How Much Do Bosses Influence Job Satisfaction and Retention?

Ethical concerns and overworking the team top the list, but even “pet peeves” like disorganization and micromanagement frustrate employees.


Top Boss-Related Reasons Employees Leave Their Jobs

Relationship friction and unfair treatment are the biggest drivers of turnover.


Types of Retaliation Employees Report After Speaking Up

More than 3 out of 4 employees reported experiencing some form of retaliation. This illustrates how critical psychological safety is in the workplace.


BambooHR’s (2025) report makes it clear that a good or bad boss impacts the workplace and how people feel about their jobs. A boss can either create satisfaction or cause people to feel fear and want to leave their role. The report also makes it clear how important autonomy, respect, psychological safety, and open feedback systems are.

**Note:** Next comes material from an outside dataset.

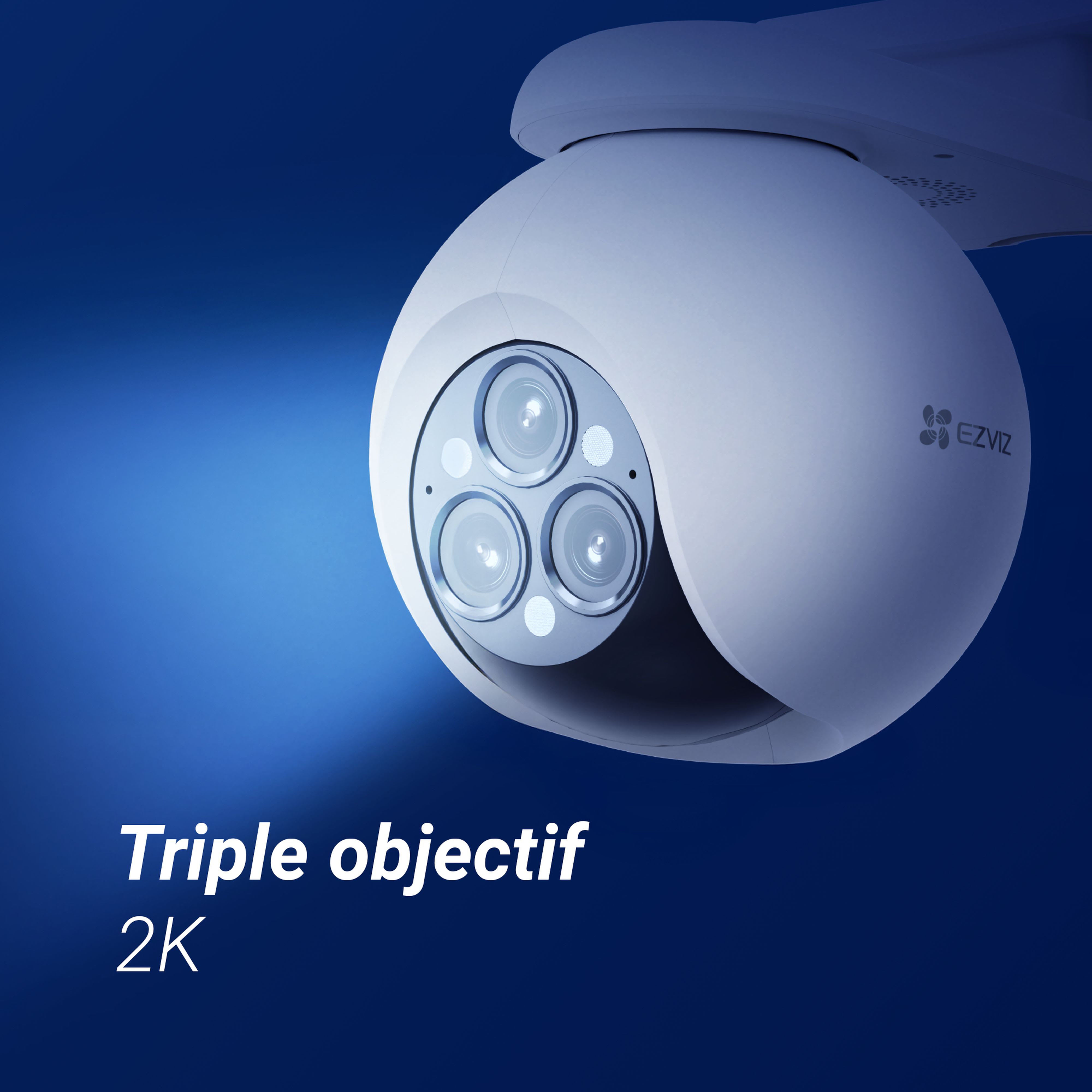 La H80f Multi, première caméra extérieure à triple objectif d'EZVIZ, est conçue pour assurer une sécurité extérieure exceptionnelle avec un professionnalisme invisible. La capacité intégrée de trois puissants objectifs 2K+ permet à la caméra de captu

Now, given that Spirence is a platform designed for helping everyone achieve whole-person-mastery through engaging, relevant content focused on mental health and leadership skills development, I wanted to dive a bit further into some existing research to see what other effects having a “bad boss” might have on a person’s well-being, motivation, and more.


Bad Bosses and Burnout, Motivation, Engagement, and Mental Health

The BambooHR (2025) study discussed employee dissatisfaction when a “bad boss” looms over employees, and that dissatisfaction could be a motivating factor for people to seek work elsewhere. What I wanted to know is what happens before a person reaches the point of quitting? How are they affected personally and professionally?

Well, it turns out, they are affected quite a bit. In a study by Wolor et al. (2022), the authors found a statistically significant negative effect on work motivation among those exposed to toxic leaders. In other words, they found that the more “toxic” a leader is, the less motivated employees are to get their work done. To add to this, a Gallup (2020) survey found that 70% of people’s level of work engagement was determined solely by who was managing them.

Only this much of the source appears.